Rise UP

Talking a slight detour from this month’s focus on art, I thought I’d share some words on the frenetic activities swirling around my life, and have no doubt touched all of our lives in some way. I admit, it’s hard to focus on making art during these mad times of pandemics, economic recessions, elections, emergencies, layoffs.

But I find comfort in these words, by Martin Luther King, Jr.

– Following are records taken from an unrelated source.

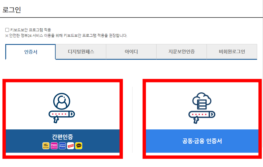 정부 24 로그인은 금융인증서와 같은 공동 인증서 또는 카카오, 페이코, 삼성 패스와 같은 간편 인증 중 하나로 이용 가능합니다.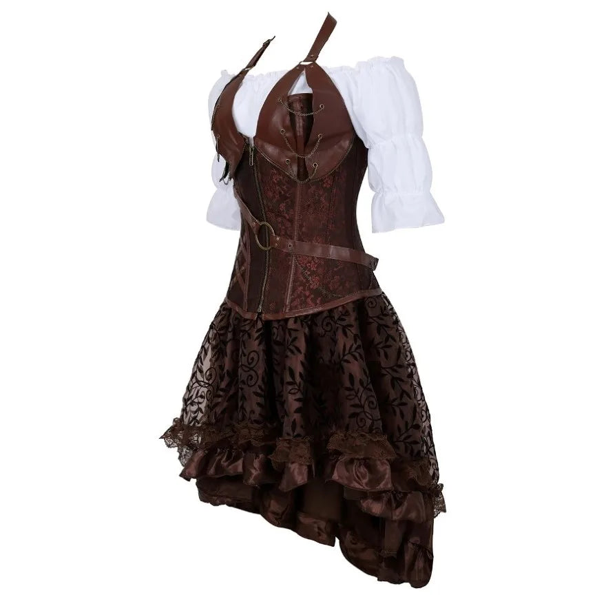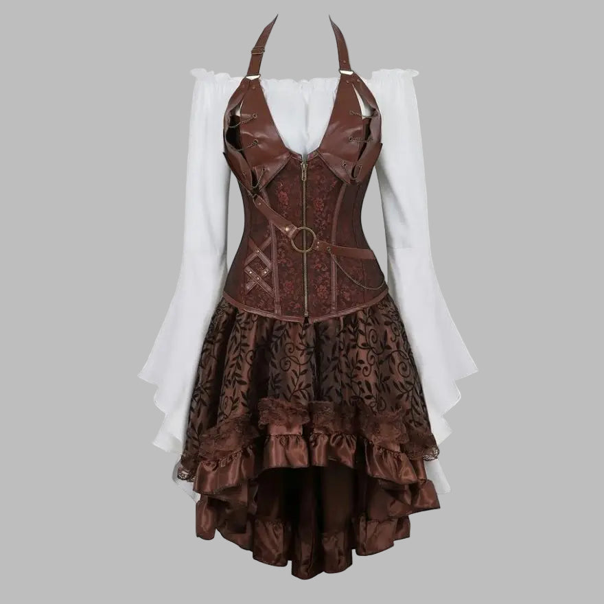 Pruun steampunk-kleit korseti ja valgete varrukatega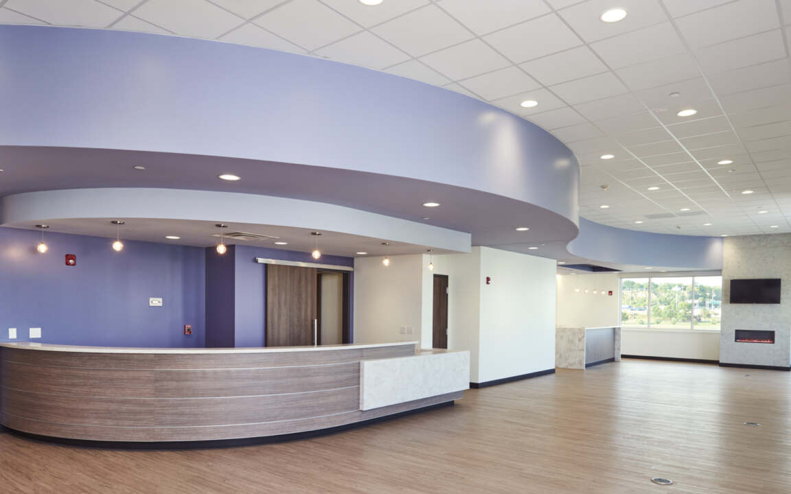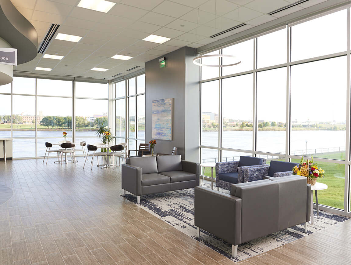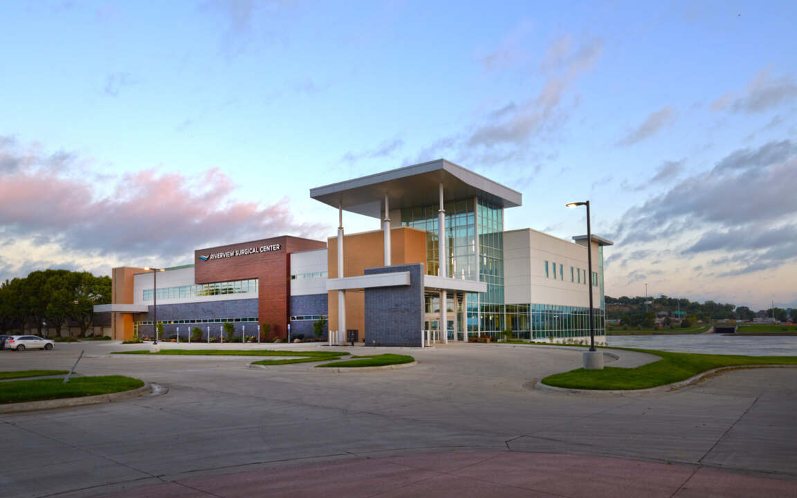 The Riverview Surgery Center is a striking two-story facility located on the bank of the Missouri River in South Sioux City, Nebraska. The project encompasses a 20,790-square-foot Ambulatory Surgical Center, an 8,850-square-foot Medical Office Clinic Suite, and a 6,250-square-foot Plastics Suite, as well as nearly 3,000 square feet of common space. An open exam pod concept allows flexibility and collaboration among various practices.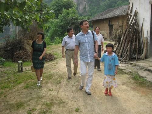 图为英子姐姐和广东爱心助学好人王伟森先生来到周坪小学走访贫困学生家庭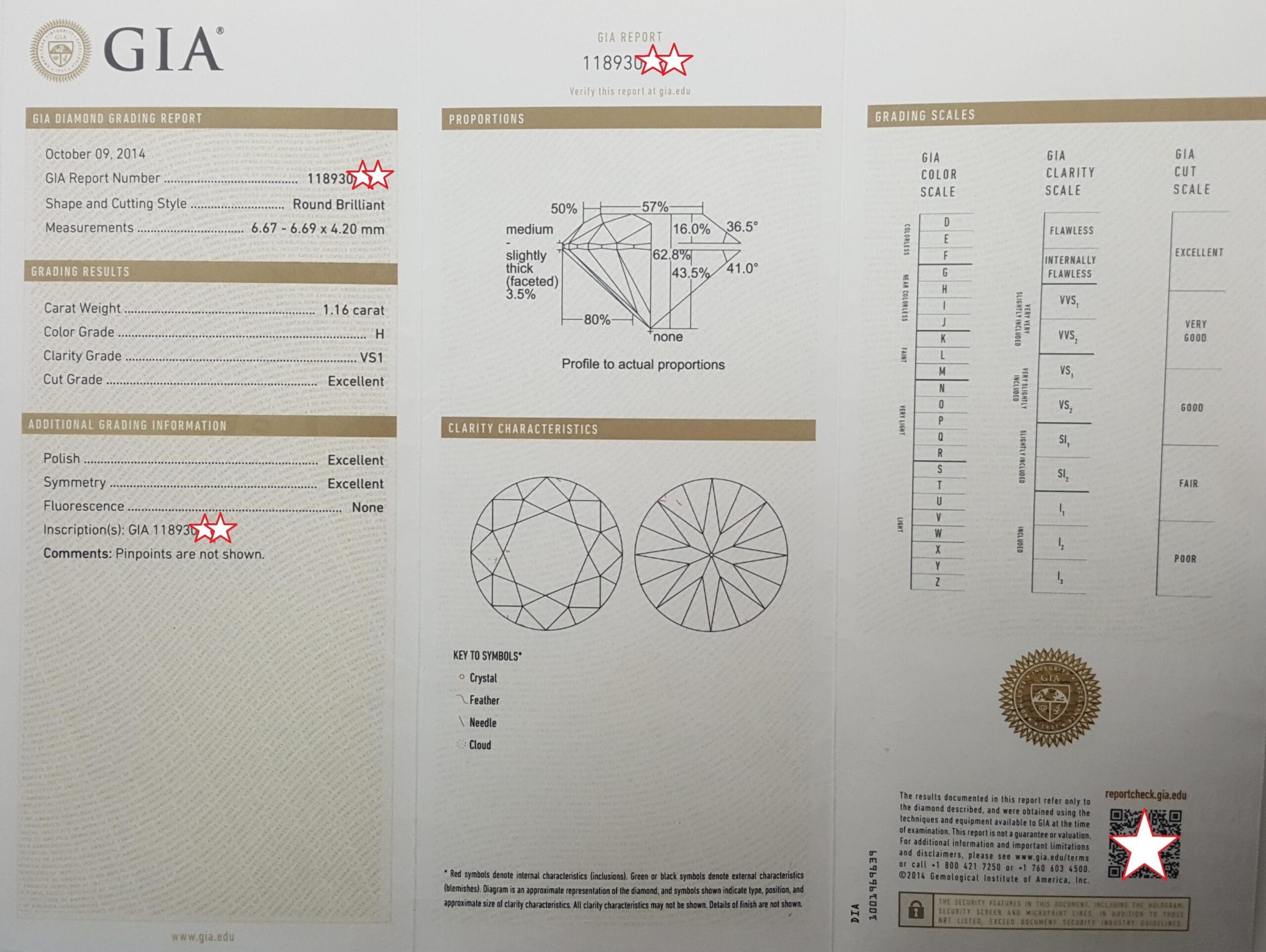 The ring weighs 7.7 grams, size 46 (US Size 3.75) (can resized to most fingers), the center stone is a Natural 1.16 ct Round Brilliant Cut Diamond, H in color, VS1 in clarity, Excellent Cut, Excellent Polish, Excellent Symmetry, None Fluorescence, measuring 6.67 x 6.69 x 4.20 mm, Inscribed "GIA 118930****".

“Courage is that quality which enables us to stand up to any fear. It is the final determination not to be stopped or overwhelmed by any object, however frightful it may be. Many of our fears are very real, and not mere snakes under the carpet. Trouble is a reality in this strange medley of life and dangers lurk beneath our every move….Courage is the inner determination to go on in spite of obstacles and frightening situations; cowardice is the submissive surrender to the forces of circumstance. The man of courage never loses the zest for living even though his life situation is zestless; the cowardly man, overwhelmed by the uncertainties of life, loses the will to live. Courage breeds creative self‐affirmation; cowardice breeds destructive self-abnegation. Courage faces fear and thereby masters it; cowardice represses fear and is thereby mastered by it. So we must constantly build dykes of courage to ward off the flood of fear.”

Music helps, too. 

You're broken down and tired
Of living life on a merry-go-round
And you can't find the fighter
But I see it in you so we gonna walk it out
And move mountains

And I'll rise up
I'll rise like the day
I'll rise up
I'll rise unafraid
I'll rise up
And I'll do it a thousand times again
And I'll rise up

--Andra Day. Rise Up (Warner Bros. Records, Aug. 28, 2015)

And, when all else fails, there’s a bit of scary humor. Because pandemics and zombies go together like Michael Jackson and Thriller.

What are your favorite words of courage? Your favorite songs of inspiration?

For Martin Luther King’s full sermon on overcoming fear, see "The Mastery of Fear or Antidotes for Fear". MLKP, MBU, Martin Luther King, Jr., Papers, 1954-1968, Howard Gotlieb Archival Research Center, Boston University, Boston, Mass.